Provided information: Begin

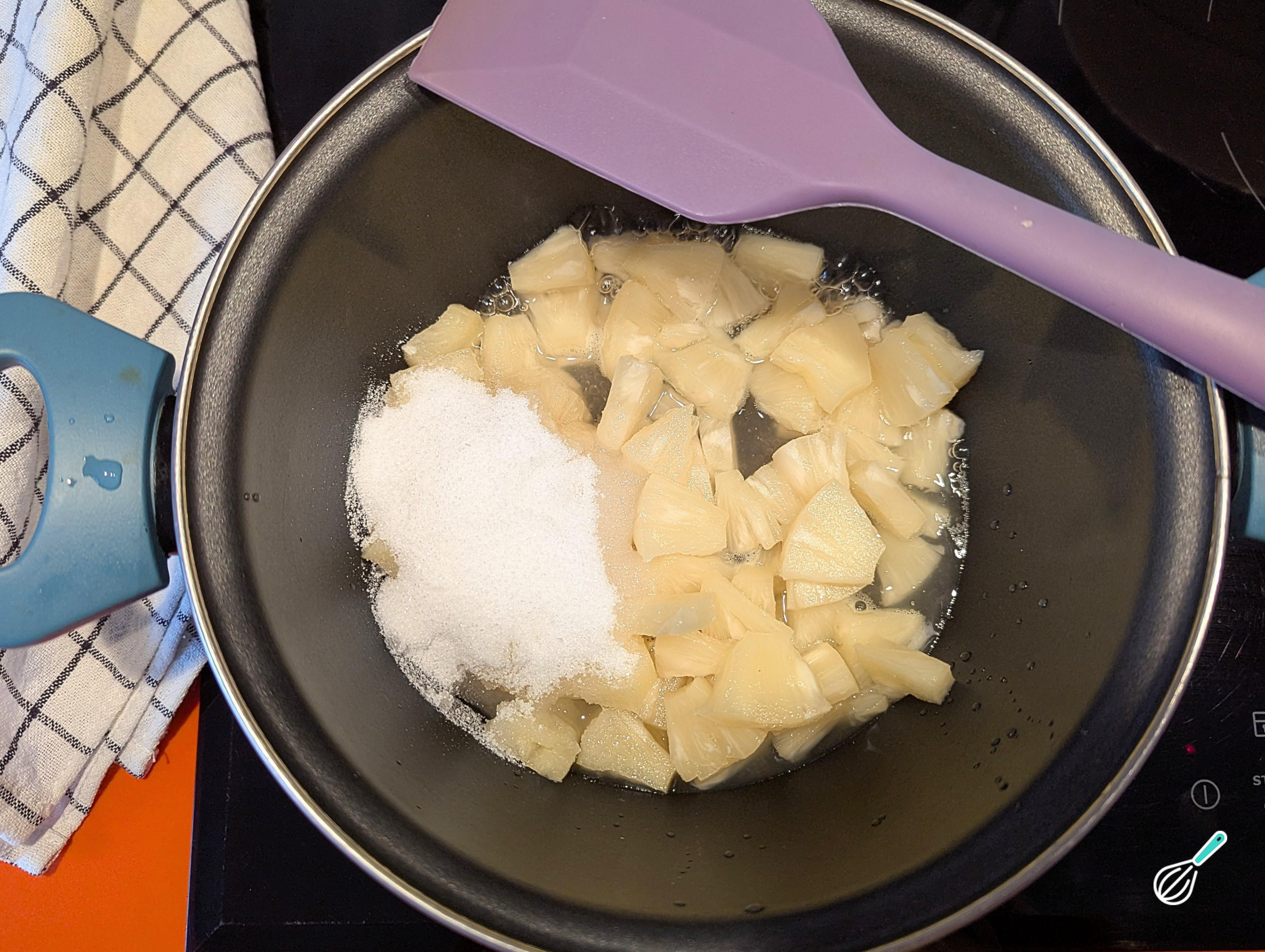 Em uma panela adicione o abacaxi picado, o açúcar e a água. Leve ao fogo médio e cozinhe por cerca de 15 a 20 minutos, mexendo de vez em quando. O abacaxi vai soltar mais líquido e formar uma calda. Quando o líquido reduzir e a fruta estiver macia, desligue o fogo. Reserve.
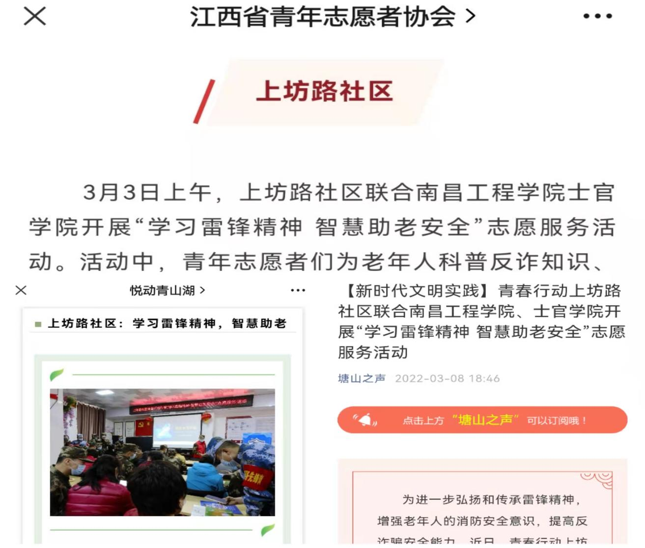 近日,士官学院联合彭桥校区各单位组织开展了学雷锋系列志愿服务活动,迎接第23个“中国青年志愿者服务日”。活动中,全体士官生传承雷锋精神,为社区老人提供防火反诈、智能手机运用等智慧助老服务,活动获“江西省青年志愿者协会”“悦动青山湖”“塘山之声”等多家官方媒体报道。
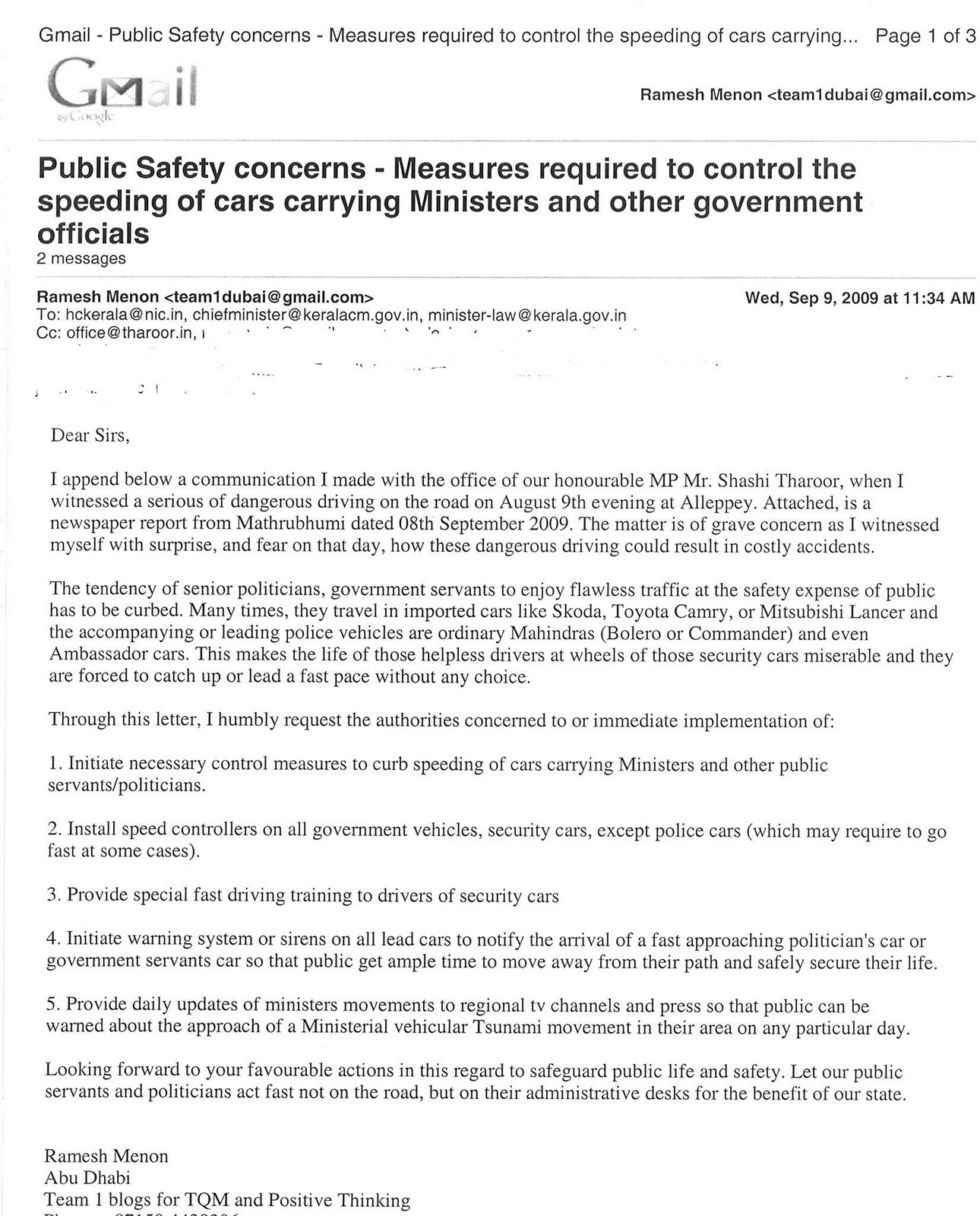 Public Safety concerns – Measures required to control the speeding of cars carrying Ministers and other government officials
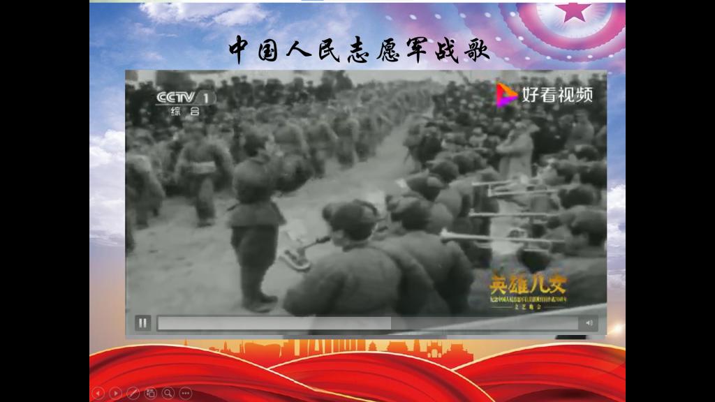 “雄赳赳,气昂昂,跨过鸭绿江……”梅老师铿锵有力地念出《中国人民志愿军战歌》中的歌词。慷慨激昂的乐曲给中国人民志愿军战士带来极强的必胜信念。梅老师在讲解时几度哽咽,她说:“多少十七八岁的小战士就是唱着这首歌背着背包跨过鸭绿江……中国志愿军有将近四十万人牺牲在朝鲜战场。”在场的同学们听到这首歌时也都深有感触,默默地致敬先烈。随后梅老师还和同学们一起欣赏了《英雄赞歌》、《我的祖国》等歌曲。
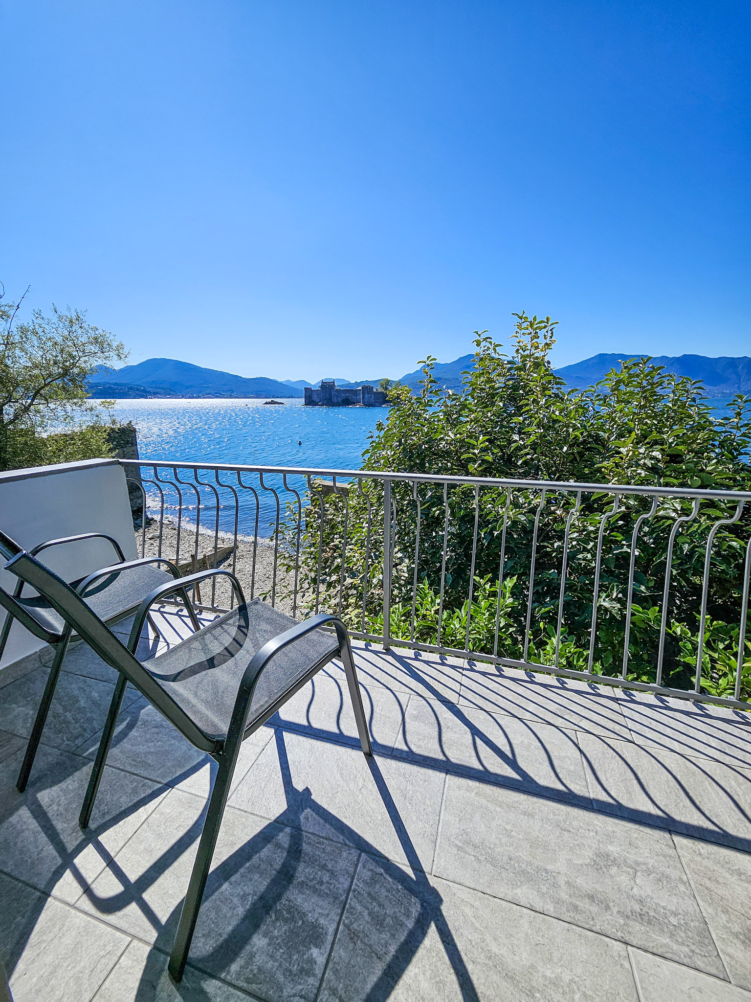 - Ca. 14 m² großer länglicher Sonnenbalkon mit zauberhafter Sicht auf den See, die Schlösser von Cannero und das gegenüberliegende Ufer
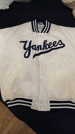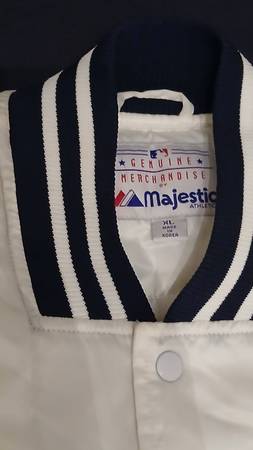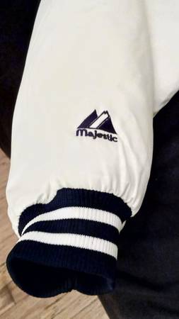 Offically licensed authentic majestic 90's New York Yankee's jacket. This jacket is in excellent condition. It was put away packed in a sealed box in storage for a long time. There are no flaws at all. Made in Korea in XL. Very cool vintage rare piece not so easy to find! this jacket is a classic choice for any Yankee fan or MLB enthusiast.
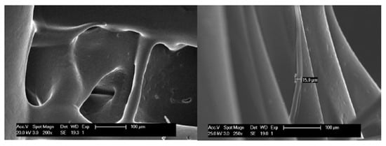 In a more detailed view of the scaffolds with a slow rate of cooling down (30% n-ALT), we can observe the presence of random microfibers and pores with different sizes and morphologies (Figure 4).
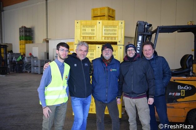 También forman parte del equipo Enrico Montaguti, un joven y brillante director de marketing y comunicación (el primero por la izquierda), Gianni Ghirelli (experto en poscosecha) y Enrico Strocchi (director de planta).
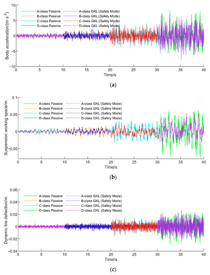The optimal solution of weighting coefficients of safety mode is as follows: , , . The comparison curves of time domain response of passive suspension and safety mode are shown in Figure 12a–c, and the RMS values of each performance index are shown in Table 12.
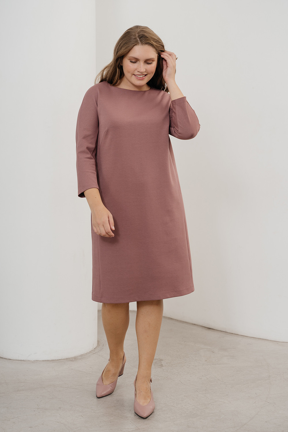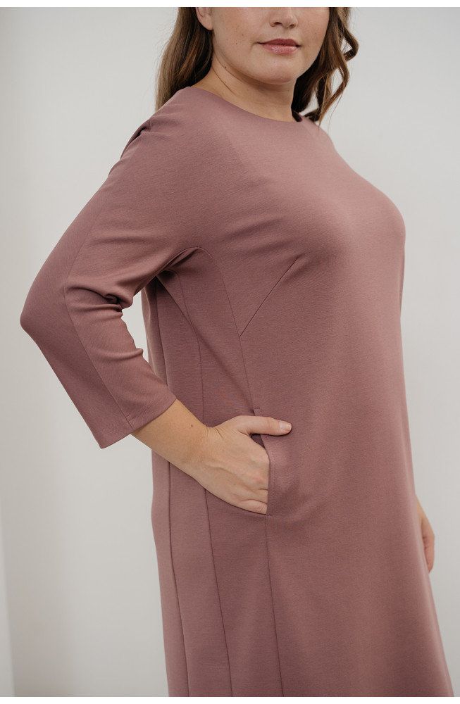 Описание: Платье из плотного трикотажа джерси прямого силуэта с цельнокроенными рукавами 3/4 и карманами по бокам.
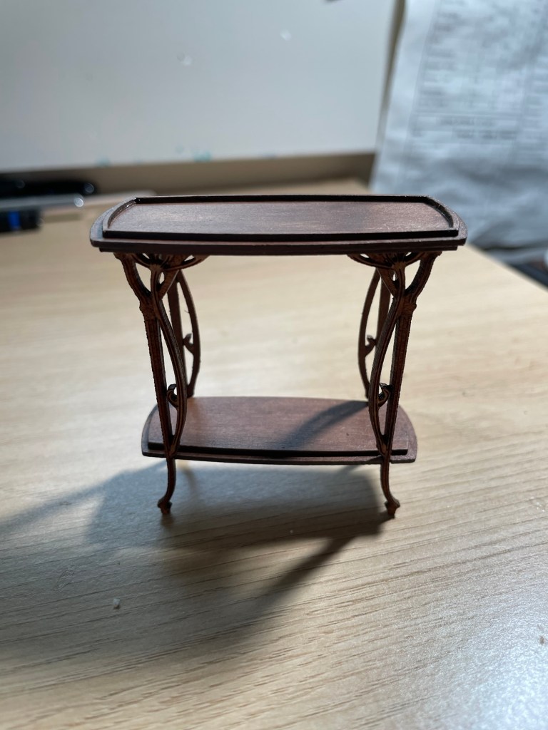 I haven’t made a lot of mini furniture from kits, but this one seemed like a good choice because the fine detailing on the legs would not be achievable for me on a 3D printer or laser cutter.
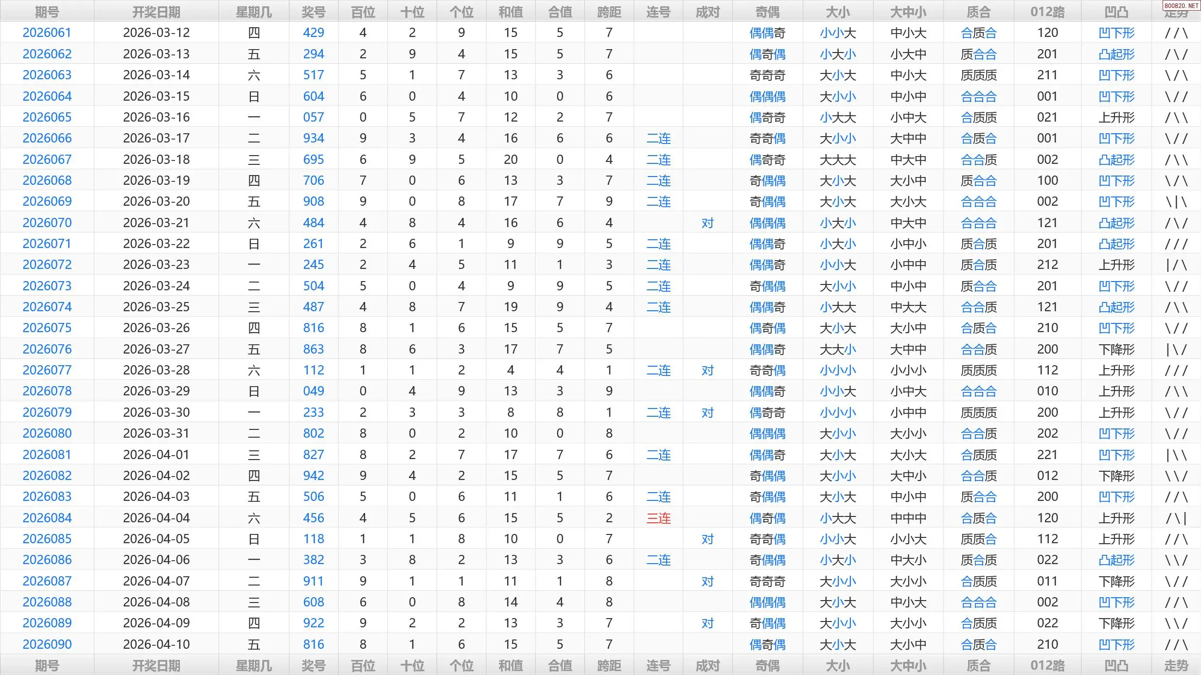 091期福彩3D历史开奖号码统计表
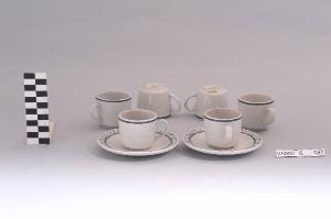 - NOTIZIE STORICO CRITICHE La foggia del servizio in esame e la tipologia del decoro dei due piattini (nn. inv. 3688-3689) indicano una piena assimilazione della lezione del funzionalismo e quindi una datazione ormai oltre la metà del Novecento confermata anche dal marchio presente sul fondo usato dalla Richard Ginori dal 1950 al 1990 circa su tutti gli oggetti prodotti nello stabilimento di Lambrate. Il servizio, composto da otto elementi, fa parte di una donazione di privati al Museo.
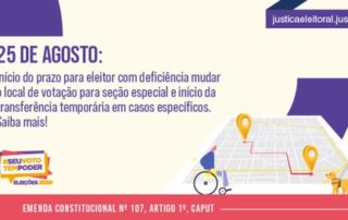 Começa no dia 25 de agosto o prazo para o eleitor com deficiência ou mobilidade reduzida apresentar à Justiça Eleitoral pedido de transferência para votar em uma seção especial de [...]

Provided information: End

Exact copy, pictures excluded: every line above from the one containing "Public Safety concerns" to the one containing "- Ca. 14 m²", inclusive, and nothing more.

 Public Safety concerns – Measures required to control the speeding of cars carrying Ministers and other government officials
 “雄赳赳,气昂昂,跨过鸭绿江……”梅老师铿锵有力地念出《中国人民志愿军战歌》中的歌词。慷慨激昂的乐曲给中国人民志愿军战士带来极强的必胜信念。梅老师在讲解时几度哽咽,她说:“多少十七八岁的小战士就是唱着这首歌背着背包跨过鸭绿江……中国志愿军有将近四十万人牺牲在朝鲜战场。”在场的同学们听到这首歌时也都深有感触,默默地致敬先烈。随后梅老师还和同学们一起欣赏了《英雄赞歌》、《我的祖国》等歌曲。
 - Ca. 14 m² großer länglicher Sonnenbalkon mit zauberhafter Sicht auf den See, die Schlösser von Cannero und das gegenüberliegende Ufer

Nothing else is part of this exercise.